Мы с Уриным подружились. Виделись мы часто, почти ежедневно. Я тогда был студентом исторического факультета Киевского университета. Благодаря Урину я познакомился с некоторыми крупными писателями и литературными деятелями. Так, однажды я застал у него И. Э. Бабеля. Урин читал ему свои рассказы, в частности «Две подковы». При мне у них зашел разговор о рассказе «Клавдия». И. Э. Бабель уже знал Урина по повести «Шпана» и его рассказам.

Впоследствии, работая как историк-исследователь в архиве ЦГАЛИ, в фонде В. П. Полонского я нашел письмо И. Э. Бабеля к В. П. Полонскому от 16 октября 1928 года из Киева. Бабель писал: «Дорогой Вячеслав Павлович! Приехал только вчера, и уже сегодня молодой здешний писатель Дмитрий Урин прочитал мне свои рассказы. Мне кажется, что это настоящий писатель, и я просил его, когда он приедет в Москву <…> обратиться к Вам: похоже на то, что надо запомнить эту фамилию. Она может засиять хорошим блеском <…> Любящий Вас И. Бабель». Урин считал Бабеля своим «литературным отцом».
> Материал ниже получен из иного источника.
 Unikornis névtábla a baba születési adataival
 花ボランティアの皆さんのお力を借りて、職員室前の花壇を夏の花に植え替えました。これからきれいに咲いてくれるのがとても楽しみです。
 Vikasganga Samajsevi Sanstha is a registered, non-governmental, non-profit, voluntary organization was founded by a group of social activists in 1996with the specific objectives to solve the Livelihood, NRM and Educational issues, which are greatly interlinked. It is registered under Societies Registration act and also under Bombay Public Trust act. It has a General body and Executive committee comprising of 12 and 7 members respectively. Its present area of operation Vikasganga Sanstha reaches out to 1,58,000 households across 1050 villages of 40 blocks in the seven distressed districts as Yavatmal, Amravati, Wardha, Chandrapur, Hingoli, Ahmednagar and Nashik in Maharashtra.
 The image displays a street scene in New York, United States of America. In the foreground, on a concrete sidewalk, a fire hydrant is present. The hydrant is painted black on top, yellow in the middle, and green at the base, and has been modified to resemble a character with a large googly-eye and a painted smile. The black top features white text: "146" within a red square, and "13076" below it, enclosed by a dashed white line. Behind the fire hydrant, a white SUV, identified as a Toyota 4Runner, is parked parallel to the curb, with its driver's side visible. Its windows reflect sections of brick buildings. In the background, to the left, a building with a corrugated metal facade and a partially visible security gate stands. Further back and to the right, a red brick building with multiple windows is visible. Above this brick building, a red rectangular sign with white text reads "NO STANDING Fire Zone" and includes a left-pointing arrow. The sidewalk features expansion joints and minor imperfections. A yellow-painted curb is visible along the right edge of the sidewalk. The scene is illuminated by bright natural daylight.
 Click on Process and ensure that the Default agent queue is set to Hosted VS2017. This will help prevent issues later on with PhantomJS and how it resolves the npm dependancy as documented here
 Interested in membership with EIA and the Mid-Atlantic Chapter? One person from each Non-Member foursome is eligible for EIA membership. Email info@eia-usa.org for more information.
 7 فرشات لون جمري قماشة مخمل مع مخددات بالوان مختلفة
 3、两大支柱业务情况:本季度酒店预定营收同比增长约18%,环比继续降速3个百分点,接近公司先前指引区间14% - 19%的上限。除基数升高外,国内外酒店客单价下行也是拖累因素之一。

Встречал я у Дмитрия Урина и С. Марголина, который, как мне помнится, был тогда заведующим литературной частью театра им. Вахтангова. У них шел разговор о новой пьесе, которую Урин писал по заказу этого театра. Кажется, она называлась «Союз матерей» и была посвящена взаимоотношениям разных поколений. Вновь я услышал об этой пьесе позже, в 1934 году, когда Урин лежал в московской больнице. Он просил меня сходить к Б. Е. Захаве, который в то время был одним из руководителей театра Вахтангова, и узнать о судьбе пьесы – он ее переделывал по указанию театра. Е. Б. Захава сказал мне, что пьеса эта стоит на очереди, театр еще не приступил к ее постановке, но намеревается это сделать в ближайшем будущем.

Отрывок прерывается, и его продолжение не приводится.